By publishing its final salaried employment figures for the first quarter of 2022 (+0.3%) on Thursday, INSEE dropped a small bombshell by announcing that it had revised sharply upwards (+240,000) net job creations, already high over the past two years.

As a result, according to INSEE, in the first quarter of 2022, salaried employment (public and private) exceeded its level of a year earlier by 2.9% (i.e. +750,500 jobs).

“Almost a fifth of this increase over one year is explained by the dynamism of work-study contracts, in particular in apprenticeship”, underlines INSEE.

In question, a methodological change which leads INSEE to integrate work-study students (beneficiaries of an apprenticeship or professionalization contract) in its short-term changes in employment, which the Institute has not done so far.

However, work-study students, who are employees, “unambiguously fall under employment, according to the definitions of the International Labor Office (ILO)”, underlines INSEE.

Almost doubling

"As apprenticeship has increased sharply in 2020 and especially in 2021", this revision leads to the recognition of 240,000 additional job creations between the end of 2019 and the end of 2021", announces the Institute.

According to the Department of Statistical Studies of the Ministry of Labor (Dares), 732,000 contracts were signed in 2021 compared to 369,000 in 2019.

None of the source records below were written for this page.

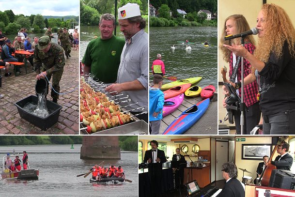 Am Neckarlauer in Eberbach veranstaltete die Reservistenkameradschaft mit Unterstützung durch DLRG und THW wieder ein Schlauchbootrennen. Das schnellste Team stellten in diesem Jahr die englischen Soldaten der “Royal Engineers”, die zurzeit wieder für ein Workcamp in Eberbach gastieren. Zweiter wurde das Schlauchbootteam des DRK, gefolgt von der SG Rockenau auf Platz 3. Zusätzlich zum Wettrennen auf dem Fluss maßen sich die Mannschaften noch im Wasserschöpfen aus dem Neckar. Für musikalische Unterhaltung sorgte die Feuerwehrkapelle Waldkatzenbach. Weitere Aktionen in Eberbach gab es beim Kanuclub, im Heilkräutergarten sowie im Interkulturellen Garten. Am Abend konnte man im Fahrgastschiff “Petra Kappes” bei einer Neckar-Rundfahrt ein Jazzkonzert mit “Wilhelm Wolf und die möblierten Herren” genießen (Bild r.u.).
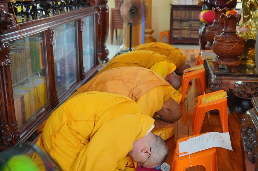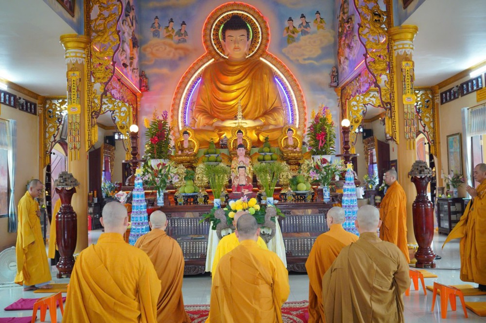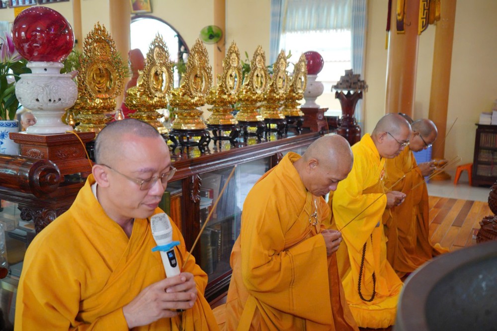 Sau đó chư Tôn đức chứng minh và hội chúng quang lâm Giác linh đường dâng hương Tưởng niệm cố Hòa thượng Hiệu trưởng Trường TCPH Tiền Giang. Kính nguyện Giác linh Hòa thượng bất vong bản thệ tái hiện Ta bà để tiếp tục hạnh nguyên hóa tha, viên thành Phật quả.
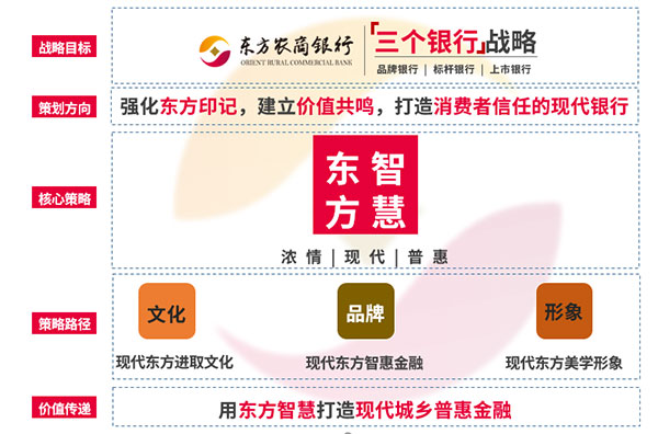 明確品牌核心價(jià)值所在后,項(xiàng)目組將東方農(nóng)商銀行的文化融入到品牌打造中,選取了“東方”“智慧”作為撬動客戶心智的橋梁,制定了品牌策略:客戶價(jià)值感知為導(dǎo)向,強(qiáng)化東方品牌印記,進(jìn)行品牌價(jià)值傳遞,烙印打造現(xiàn)代銀行的品牌感知。

This almost doubling is explained both by the 2018 reform, which liberalized apprenticeship in terms of entry conditions and training offer, and by the aid decided during the crisis - 5,000 euros for the hiring a minor, 8,000 for a major-- and extended until the end of the year.

If the professionalization contract has decreased over the same period, from 218,700 to 120,600, the total increase in work-study contracts remains spectacular.

Jean-Luc Mélenchon, the leader of La France Insoumise, in Paris on June 7, 2022 Geoffroy VAN DER HASSELT AFP

Does this mean that the drop in unemployment, and in particular among 15-24 year olds (down 4.5 points over one year), is due to the increase in the number of apprentices?

This is the thesis defended by the leader LFI Jean-Luc Mélenchon who considered Tuesday on France Inter that "unemployment is masked by the use of apprenticeship" and that apprentices "are not hired".

But various INSEE publications deny this thesis.

In the first quarter, the unemployment rate stood at 7.3% of the active population (-0.8 points over one year), its lowest level since 2008. It is not only falling among young people but also among 25-49 years (-0.7 over one year) and remains stable among seniors (over 50).

"Mélenchon takes himself for Insee"

"Mr. Mélenchon thinks he is Insee (...), except that he says things that are false since unemployment is falling", quipped Thursday morning the Minister of Labor Olivier Dussopt on LCI.

For him, it is also "an abyssal contempt" to "tell people who are learning that they do not have a real job".

In its latest economic report, INSEE recognizes that “the sharp increase in the number of work-study contracts clearly supports the increase in the activity rate and the employment rate of young people”.

At the end of 2021, the employment rate was thus "5.3 points above its level at the end of 2015, including 2.9 points linked to the development of work-study".

But this also means that nearly half of the increase in this employment rate is linked to contracts other than work-study (CDI, CDD, etc.).

The impact on the fall in unemployment is more limited because the majority of apprenticeship contracts are not made by job seekers but by students.

“In 2020, 53.9% of new apprentices were studying before the start of the contract and only 28.1% were already in apprenticeship or job seekers”, according to INSEE.

According to the latest figures published by Dares, in July 2021, one year after leaving their studies, 69% of apprentices and 49% of vocational high school students from CAP to BTS level were in paid employment in the private sector.